Work instructions:
Retype word for word the stretch of entries below from the line that has "本次JM实务讲座邀请到芒果超" through the line that has "Note: As sterilizations", and omit the pictures.

(Data extracted from a collection)
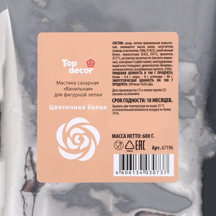 Мастика сахарная Ванильная (цветочная белая), 600 г
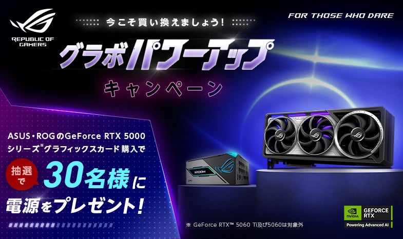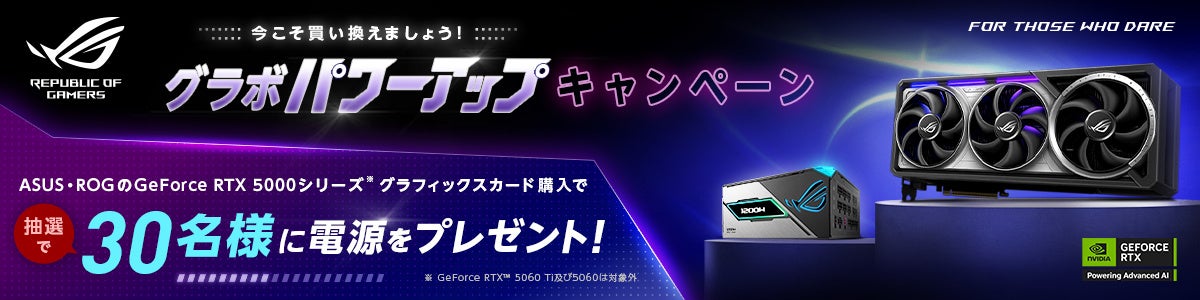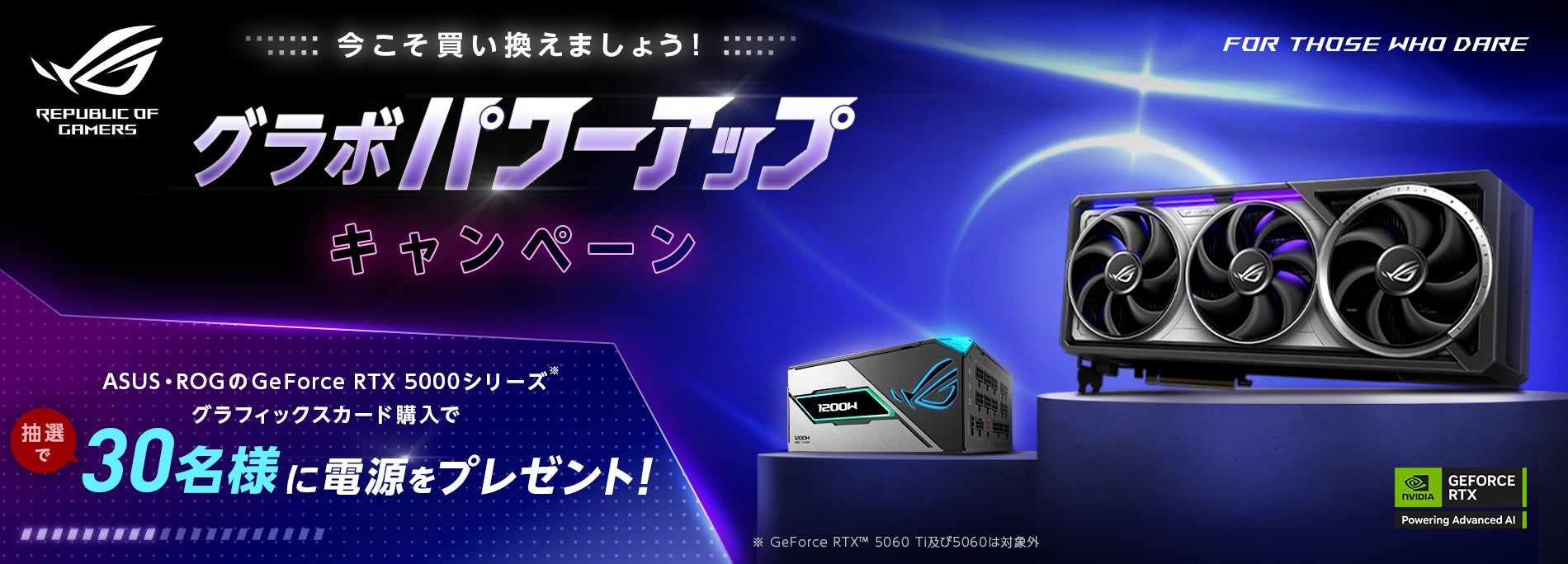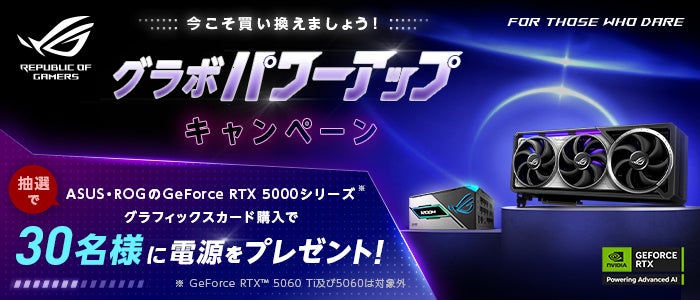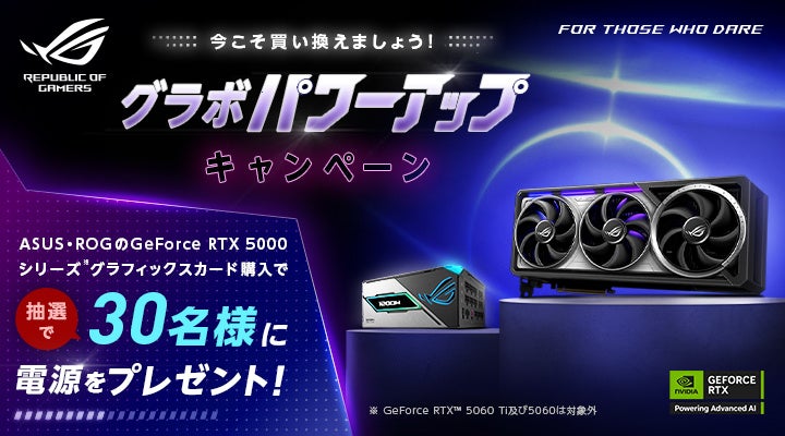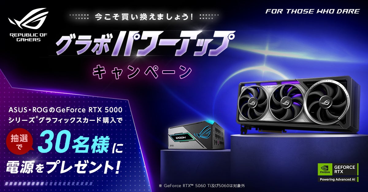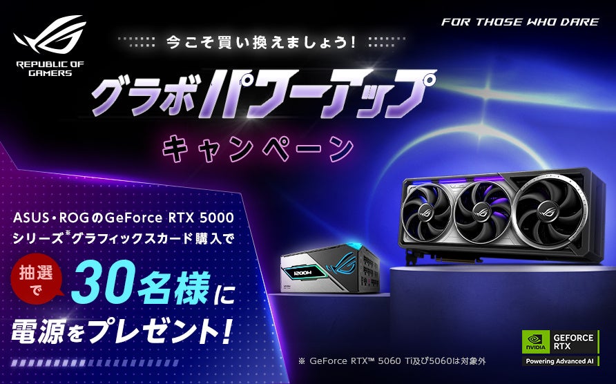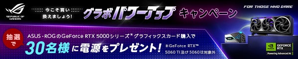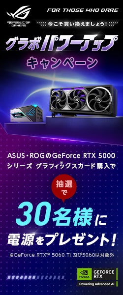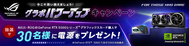 ASUS JAPAN株式会社は、対象のGeForce RTX 50シリーズのASUS・ROGグラフィックスカードを購入すると抽選で電源がもらえる「グラボパワーアップキャンペーン」を開催します。
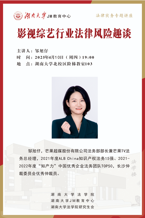 本次JM实务讲座邀请到芒果超媒股份有限公司法务部部长兼芒果TV法务总经理——邹旭仔,为大家讲述影视综艺行业法律风险趣谈,帮助大家了解相关实务问题,欢迎同学们积极参与!
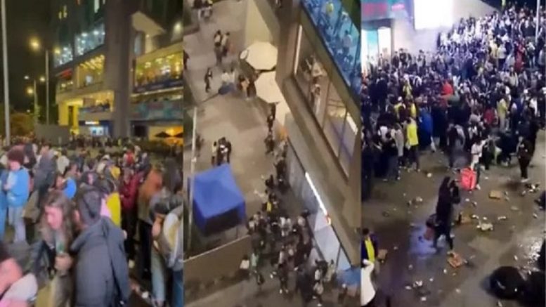 Así fue la batalla campal entre fanáticos de la Vinotinto y Colombia en plena plaza de Bogotá
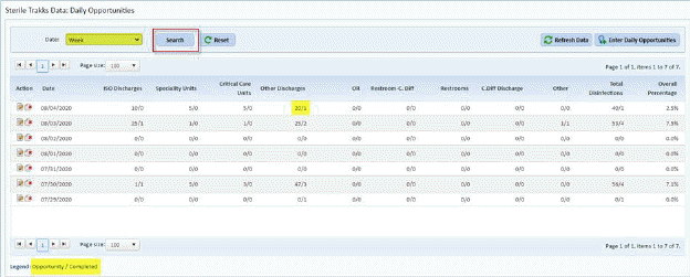 Note: As sterilizations occur they will be included as “Completed” as shown in the highlighted entry above. In the above example there were 20 discharges that day and one UVC disinfection performed in the category “Other Discharges”.
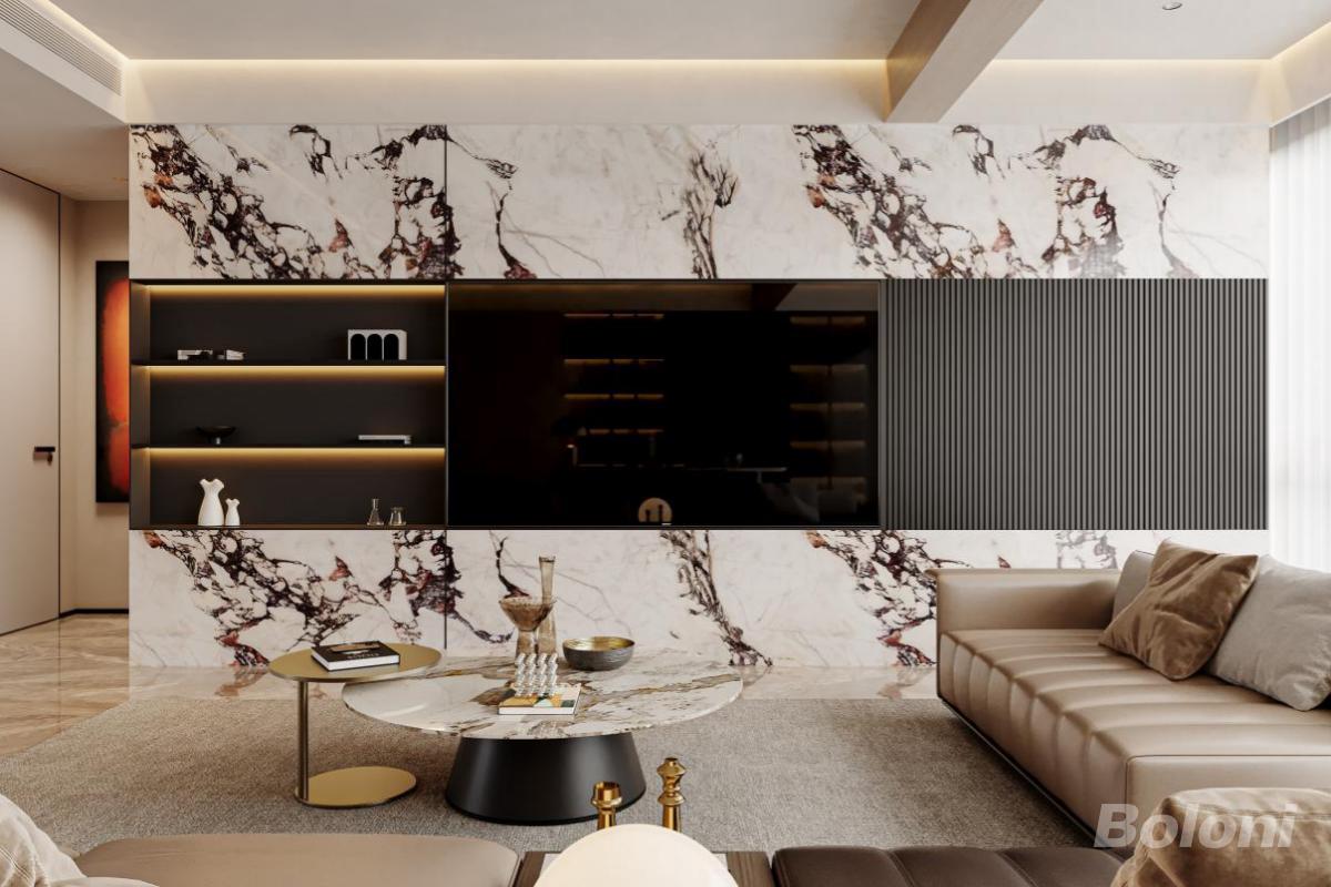 本客厅以奢石背景墙为视觉锚点,天然纹理尽展奢韵。嵌入式灯带点亮收纳区,金属细节(边几、柜体)呼应精致,皮质沙发柔化硬朗。借材质碰撞与光影层次,诠释轻奢“藏奢于简,质胜于华”的格调 。

Task answer:
 本次JM实务讲座邀请到芒果超媒股份有限公司法务部部长兼芒果TV法务总经理——邹旭仔,为大家讲述影视综艺行业法律风险趣谈,帮助大家了解相关实务问题,欢迎同学们积极参与!
 Así fue la batalla campal entre fanáticos de la Vinotinto y Colombia en plena plaza de Bogotá
 Note: As sterilizations occur they will be included as “Completed” as shown in the highlighted entry above. In the above example there were 20 discharges that day and one UVC disinfection performed in the category “Other Discharges”.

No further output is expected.